Gentrification by gay people has previously been studied as a boon to property values. This study of home values in and around Columbus, Ohio concluded that an increase in the number of same-sex couples by one in 1,000 households is associated with a 1.1 percent price premium in enclaves that backed gay marriage. The same influx in areas that didn’t support same-sex marriage was linked to a 1 percent discount.
It compared average home prices in neighborhoods after controlling for a number factors, including distance to the central business district, income, graduate degrees, school quality, crime rate and house size.
Author Susane Leguizamon of Tulane University in New Orleans told Bloomberg:
“The perception that there is prejudice against gay and lesbians by conservative groups is strong enough to be picked up in market prices.”
How does this work?
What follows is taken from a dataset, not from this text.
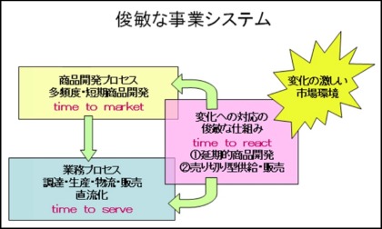 1つは、市場ニーズを発見し、それを早く商品や製品に具現化して市場に投入するために要するリードタイム(time to market)。

In a 2010 study by Richard Florida, director of the Martin Prosperity Institute at the University of Toronto, and Charlotta Mellander of Jonkoping International Business School in Jonkoping, Sweden found that it is an enhancement to cultural amenities and housing stock and an increase in the vibrancy of neighborhoods which an influx of gay couples brings — an ‘aesthetic amenity premium’ and a ‘tolerance or open culture premium,’ according to that study.
“This tolerance or open culture premium acts on the demand side by making local resources more productive and efficient operating through four key mechanisms. First, locations of bohemian and gay populations reflect low barriers to entry for human capital .. Second, larger bohemian and gay populations signal underlying mechanisms that increase the efficiency of knowledge spillovers and human capital externalities [a] primary engine of economic growth .. Third, artistic and gay populations reflect regional values that are open-minded, meritocratic, tolerant of risk, and oriented to self-expression.”
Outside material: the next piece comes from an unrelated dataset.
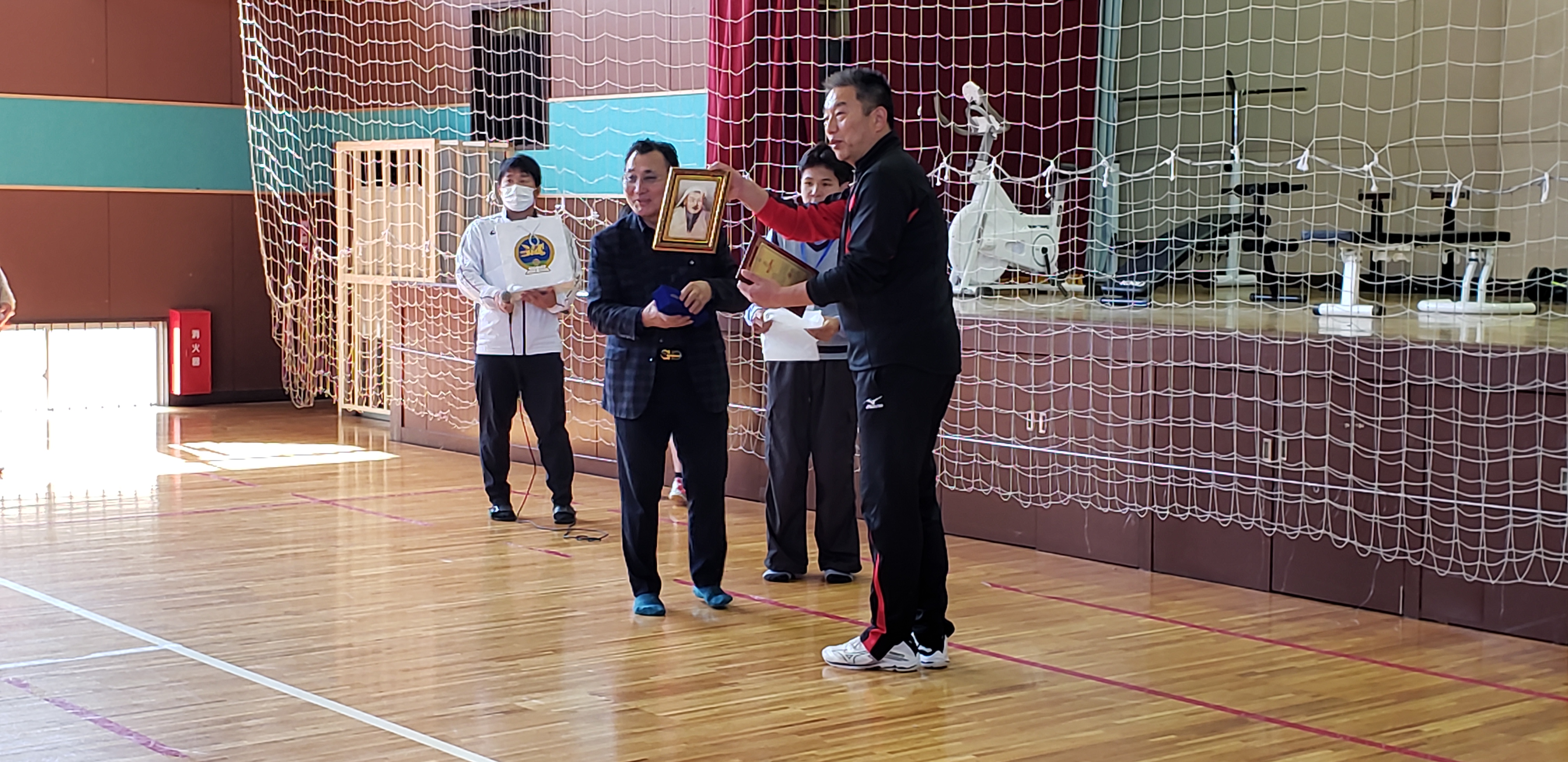 私達からは手作りのメッセージカードとおりがみをプレゼントし、モンゴルの方達からは記念品としてチンギス=ハンの肖像画と馬頭琴をいただきました。

The 2010 census showed a 40% jump in the numbers of same-sex households, with significant increases in perhaps surprising places like Salt Lake City and St. Louis.
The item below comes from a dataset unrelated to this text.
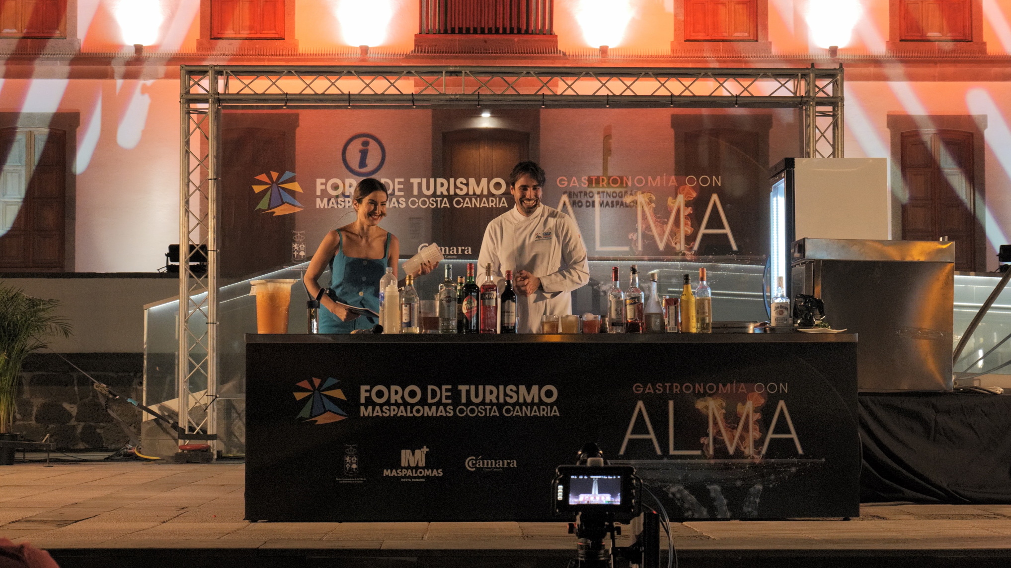 A continuación, el prestigioso coctelero Matteo Ciarpaglini, representante de Club Paradiso —Mejor Bar del Mundo 2022—, ofreció una demostración creativa con tres propuestas: Maspalomas Sunset Sprits, Maní Fashion y Meloneras Negroni, tres combinaciones que sorprendieron al público por su frescura, su estética y su evocación del carácter atlántico del destino.

“Much of the increase is due to an increased willingness to report as opposed to Utah suddenly getting a surge of same-sex couples willing to move there, or that suddenly the [lesbian, gay and bisexual] population coupled at an increased rate,” Gary Gates, a demographer at the University of California-Los Angeles Williams Institute told the Salt Lake Tribune. Gates has noticed similar surges in other conservative states, including Arizona (70 percent), Montana (88 percent) and Oklahoma (70 percent).
The District of Columbia had the highest percentage of same-sex households according to the census, followed by Vermont, Maine, New Hampshire, Rhode Island, Massachusetts, New York, Connecticut, Maryland and California.